The rain water harvesting would take place naturally at several water ponds in the past, while now; they are reclaimed to build malls and skyscrapers.  Kanteerava stadium is being built by reclaiming Sampagi water pond.  J P Nagar, fourth layout has been developed on Sarakki Agraha water pond.  Banashankari second layout developed on Kadirenahalli water pond.  The mega Kempe Gowda bus terminus developed on Dharmabuddi water pond.  National Dairy Research Institute developed on Koramangala water pond.  H S R layout developed on Parangipalya water pond; similarly several water ponds are reclaimed to develop building complexes and skyscrapers.

In the past, water harvesting used to take place naturally in water ponds, but they are now polluted with drainage effluents.  It is posing health hazard.  The building works are under way across the metro to cater to the rising demands of floating population.  As per the census of 2001, the population has increased from 53 lac to 87 lac in 2011 and likely to cross 1 crore by 2016.  The scarcity of water will become acute by then, cautioned the report.

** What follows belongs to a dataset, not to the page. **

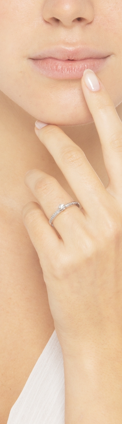 6 claw solitaire with diamond 0,15 ct and diamonds shoulder set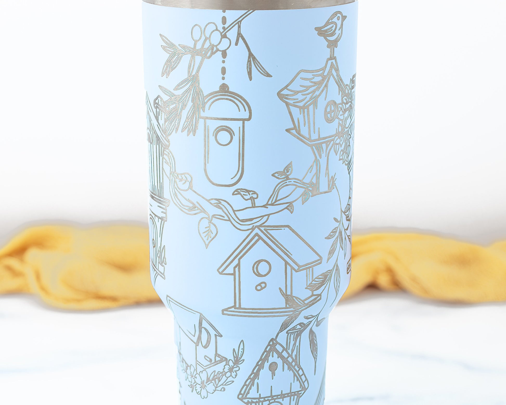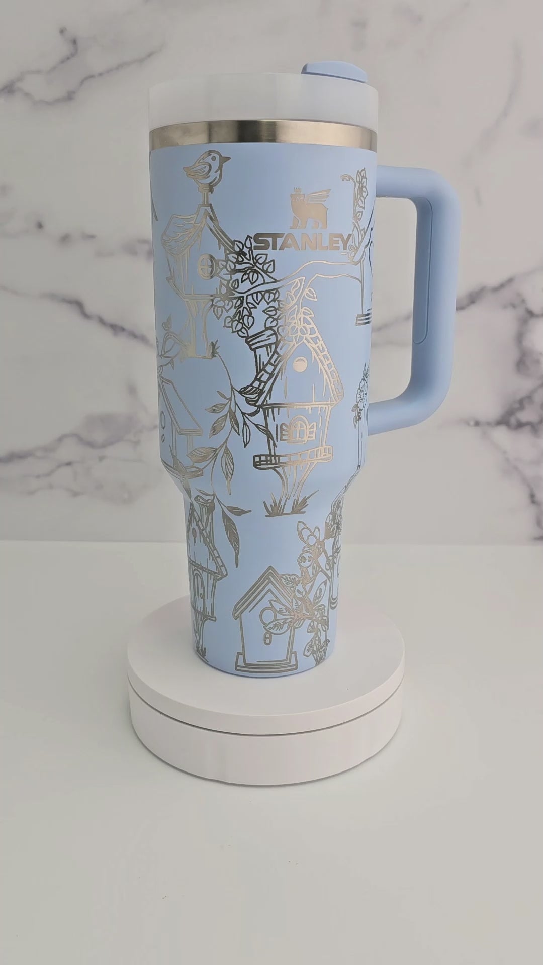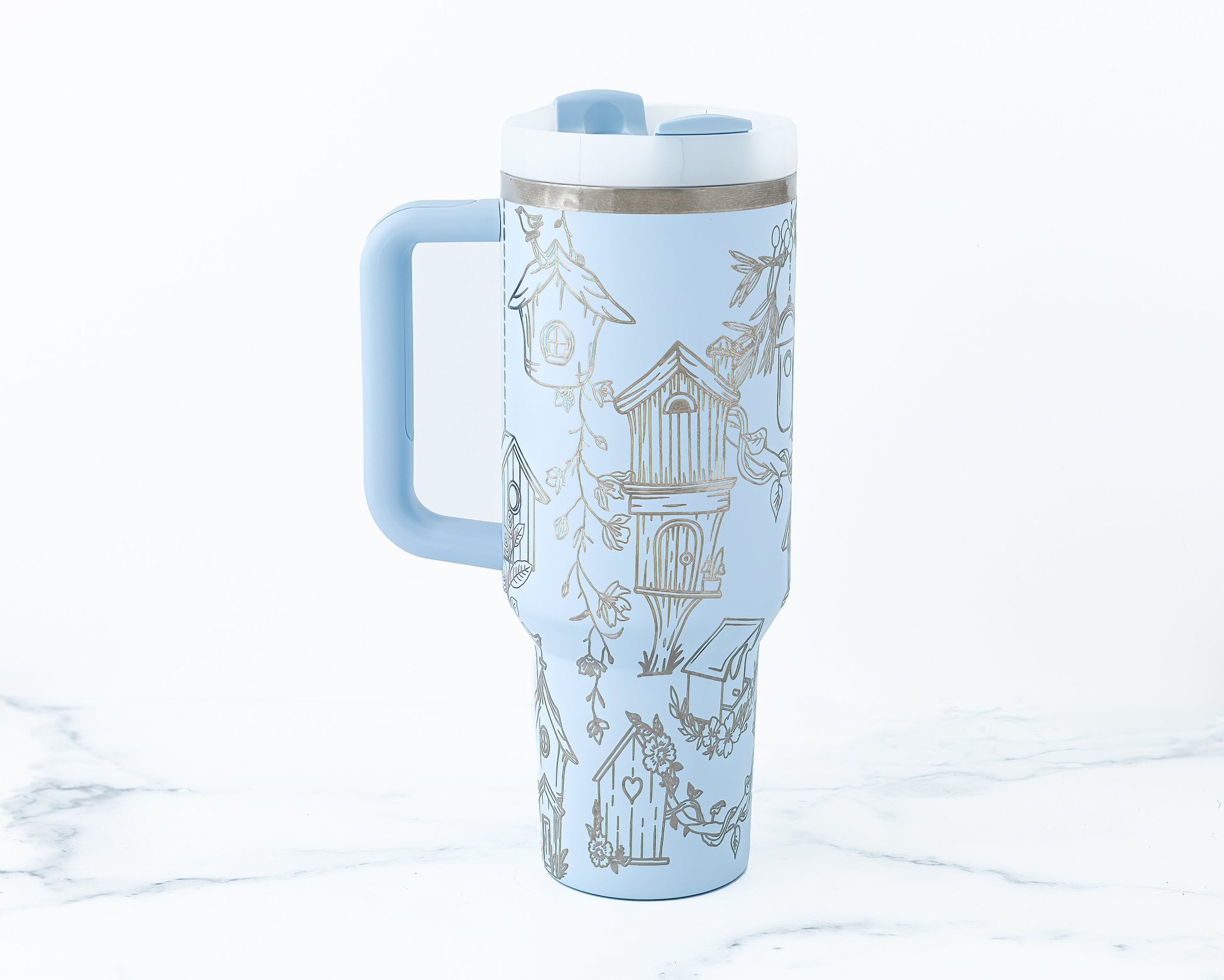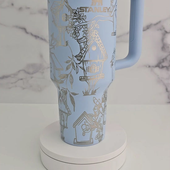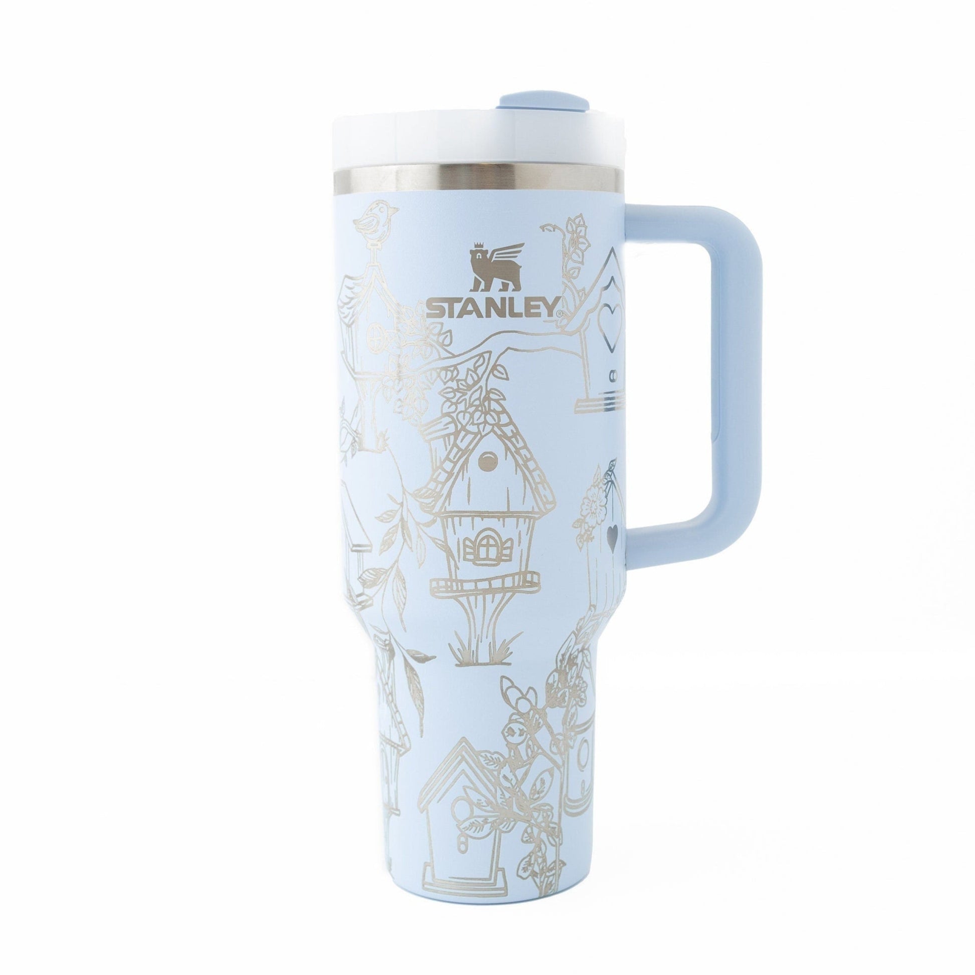 40oz Stanley Tumbler Laser Engraved with Birdhouse Wrap

Despite the population is increasing in metro, water levels of Cauvery River that is supplying water remained the same.  Nearly 35 percent of water being drained while supplying from Cauvery River to the metro.  There will be huge gap between demand and supply of water when compared to population in 2016.  Despite the metro gets rainfall of 900 millimeters, the water levels in 3 lac borewells are facing depleted sources, even borewells are dug up to nearly 1,000 feet, one would not get any water.  The borewells are likely to go dry by 2018, stated the report.    

The metro is lacking in rain water harvesting.  Only 44,000 homes in 18 lac buildings have rain water harvesting facilities.  The tankers are supplying water to different housing colonies across the metro.  Even the tanker water is also not fit for human consumption.  If the remedial measures are taken swiftly, the metro would likely to go barren in just 10 years.